Now that training has been done. We save the model into an archive and upload the same to
the internal stage.

In [48]:
# Package and upload model to stage
set_cell_background('#EAE3D2')

import tarfile
import os.path
from pathlib import Path

# Create a local directory to store data, library etc..
model_lib_dir = f'''{LOCAL_TEMP_DIR}/model_lib'''
Path(model_lib_dir).mkdir(parents=True, exist_ok=True)
    
model_packed_filename=f'''{model_lib_dir}/{config['DEFAULT']['ag_model_archive']}'''
print(f' Packaging the model as: {model_packed_filename}')
with tarfile.open(model_packed_filename, "w:gz") as tar:
    tar.add(model_dir_path, arcname=os.path.basename(model_dir_path))
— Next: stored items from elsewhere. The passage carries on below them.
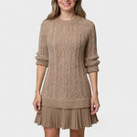 Sofie er en garderobeklassiker, hvor tidløshed møder ansvarlig luksus. Håndværket kommer til udtryk i hver søm, og materialerne udvælges med omtanke for kvalitet og holdbarhed. Genanvendt garn giver en dyb, blød struktur og let varme, der gør kjolen anvendelig gennem sæsoner. Produktionsprocessen spejler vores arv om excellence og diskretion: begrænset antal, nøje udvalgte kilder og en tidløs stil, der ikke følger kortvarige trends. Sofie favner en klassisk silhuet med mini-længde, der tiltaler dem, der værdsætter raffinement og miljøbevidsthed.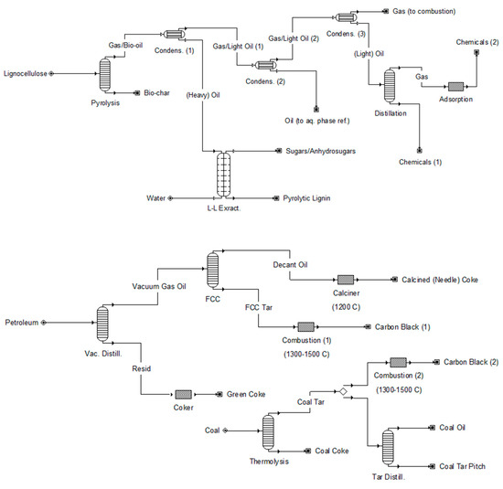 Simplified process flow diagrams for (top) biomass (lignocellulose) pyrolysis refinery showing pathways to sugars/anhydrosugars and pyrolytic lignin from liquid-liquid extraction, liquid for aqueous phase reforming, gas for combustion, and other commodity/fine chemicals; and (bottom) petroleum and coal refinery showing pathways to heavy oils/tars and industrial carbon products (not showing light hydrocarbon fractions). Adapted from previously published work by (top) Fonts et al. (2021) and (bottom) Elkasabi and Mullen (2021) [3,18].
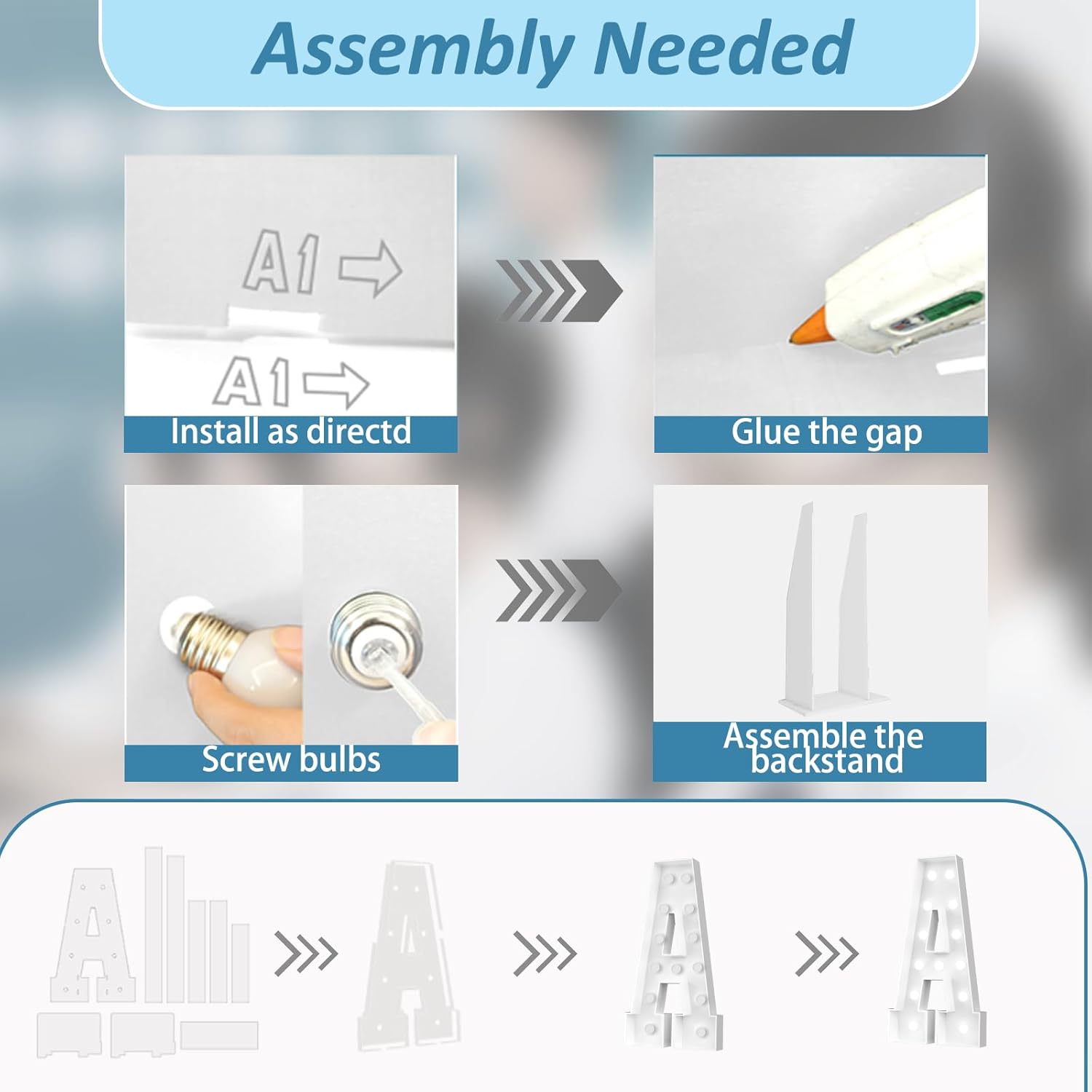 - 【Assembly Required】Each marquee light up letter is made of precisely pre-cut foam board, comes with the same model of light string and LED bulb, and a user-friendly instruction manual. According to our installation manual, ① Fold the side panels along the cutting line and stick them to the bottom panel with hot melt glue according to the corresponding number. ② Screw the bulb onto the single board, and then install the LED light string into the bulb. (Note: Glue gun and battery not included)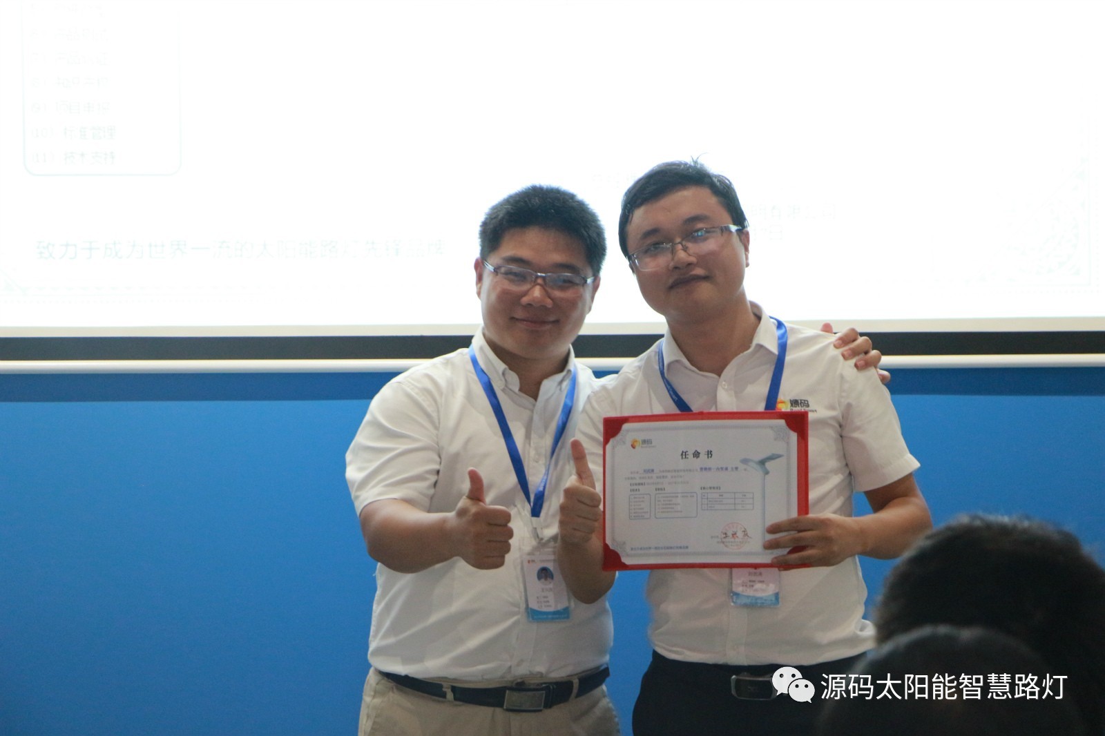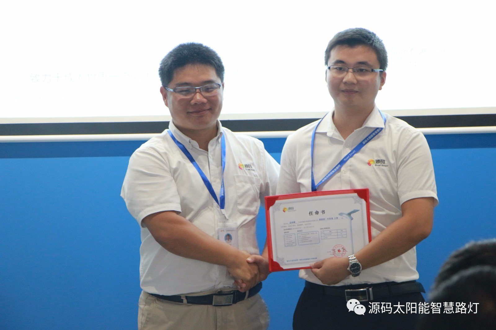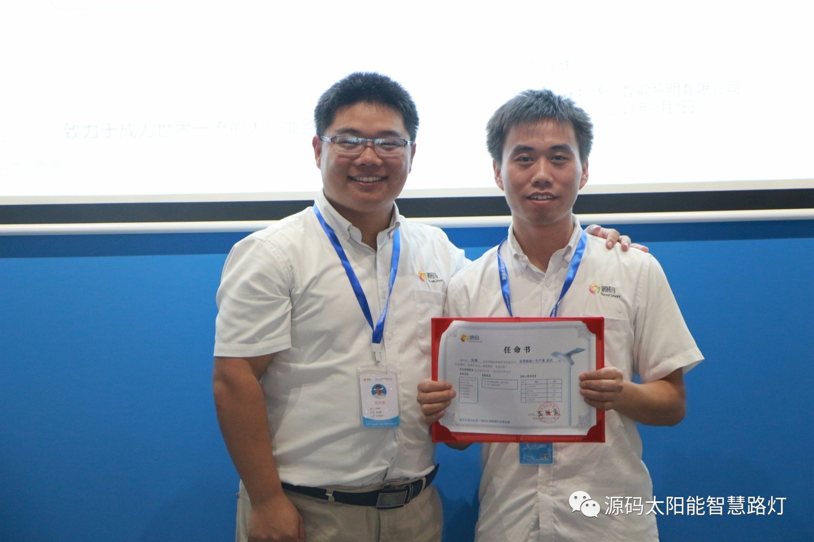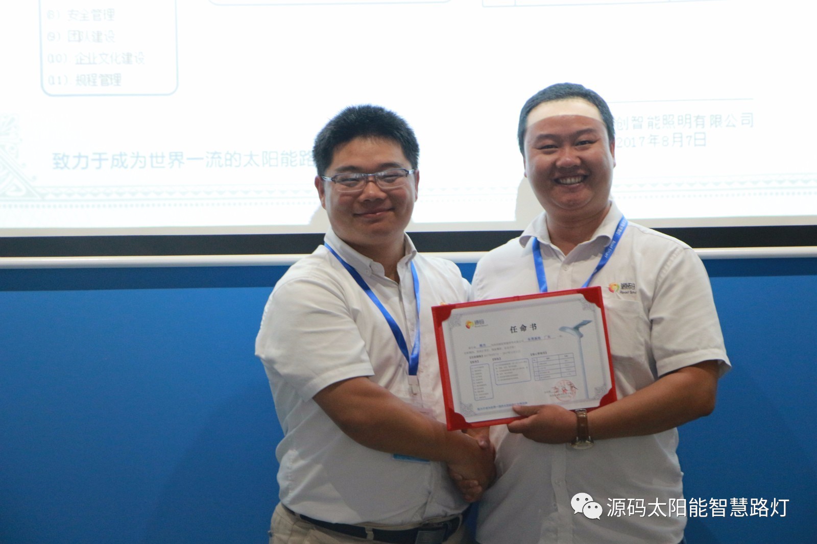 其次,由源碼人事主管劉柳女士宣讀任命書,源碼董事長王興慶先生為被任命人頒發任命書,此次大會共計任命干部十一名,任期皆為2017年8月7日至2017年12月31日。

# Upload the packaged model to stage
stage_models_dir = config['DEFAULT']['stage_models_dir']
upload_locallibraries_to_p_stage(sflk_session ,model_lib_dir ,target_db ,target_schema ,stage ,stage_models_dir)

 Packaging the model as: ../../../temp/model_lib/room_occupancy_autogluon_model.tar.gz
 Uploading library to stage: sflk_autogluon_db.public.lib_data_stg 
    ../../../temp/model_lib/room_occupancy_autogluon_model.tar.gz => @lib_data_stg/ag_models/


In [49]:
set_cell_background('#EAE3D2')

print(' List stage directory !!')
sflk_session.sql(f'alter stage {target_db}.{target_schema}.{stage} refresh; ').collect()

df = sflk_session.sql(f'select RELATIVE_PATH from directory(@{target_db}.{target_schema}.{stage}); ').to_pandas()
display(df)

 List stage directory !!


Unnamed: 0,RELATIVE_PATH
0,ag_models/room_occupancy_autogluon_model.tar.gz
1,libs/autogluon-0.5.2-py3-none-any.whl
2,libs/autogluon.common-0.5.2-py3-none-any.whl
3,libs/autogluon.core-0.5.2-py3-none-any.whl
4,libs/autogluon.extra-0.3.1-py3-none-any.whl
5,libs/autogluon.features-0.5.2-py3-none-any.whl
6,libs/autogluon.multimodal-0.5.2-py3-none-any.whl
7,libs/autogluon.tabular-0.5.2-py3-none-any.whl


---
### Close out

    With that we are finished this section of the demo setup

In [50]:
sflk_session.close()
print('Finished!!!')

Finished!!!